伸び盛りにあるスイマーの転機は、昨年にあった。
昨秋、ハンガリー・ブダペストで競泳の国際リーグ「インターナショナルスイミングリーグ」(ISL)が開催された。当初、本多は出場する予定ではなかったが、参加を予定していた瀬戸が競技活動を停止し欠場する代替として本多が出場することになったのである。
約1カ月にわたり13戦が実施されるこのリーグ、しかも海外の有力選手が多数参加するリーグである。コロナの影響のもと、貴重な実戦経験となった場は、強化につながり、そして「世界との差を実感できた」場となった。
3歳で水泳をはじめてから、やめたいと思ったことがないというほど好きで泳ぎ続け、早くからオリンピックを夢としていた本多にとって、大舞台への意志、そこでどうすれば戦えるかを感じ取る時間でもあった。

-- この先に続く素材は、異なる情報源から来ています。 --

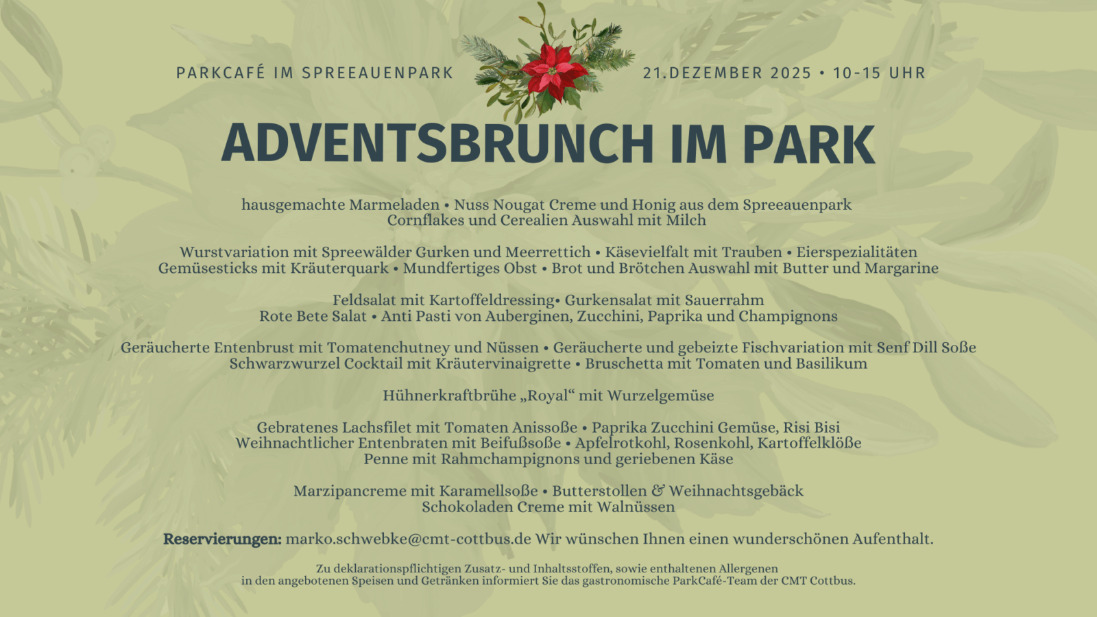 Wir laden Sie zu einem besonderen Advents-Brunch ins ParkCafe im Spreeauenpark ein. Mit Blick auf winterliche Wiesen und die ruhige, mystische Parklandschaft wollen wir gemeinsam eine besinnliche Zeit verbringen – fernab vom Trubel der Vorweihnachtszeit. Genießt feine Köstlichkeiten wie knusprigen Entenbraten und viele weitere festliche Spezialitäten, bevor wir bei einem Spaziergang durch die stille Natur zur Ruhe kommen.

意識の変化は帰国後にうかがえた。リーグから帰国したあとの日本選手権、年明けて2月のジャパンオープンと優勝を果たすが、そこでは「このタイムでは」と優勝しても喜ばない姿があった。
それが「すごいうれしかった」
「表彰台に上ることを日本選手権から意識していたのでうれしい気持ちがありました」
本多はこう喜びを表している。
そしてこのようなエピソードを明かした。
「準決勝が終わった後に、『自分のレースをすれば表彰台に行ける。お前なら絶対できるから』って、(言葉を)かけていただきました」
それは瀬戸からの言葉だった。それが「すごいうれしかった」という。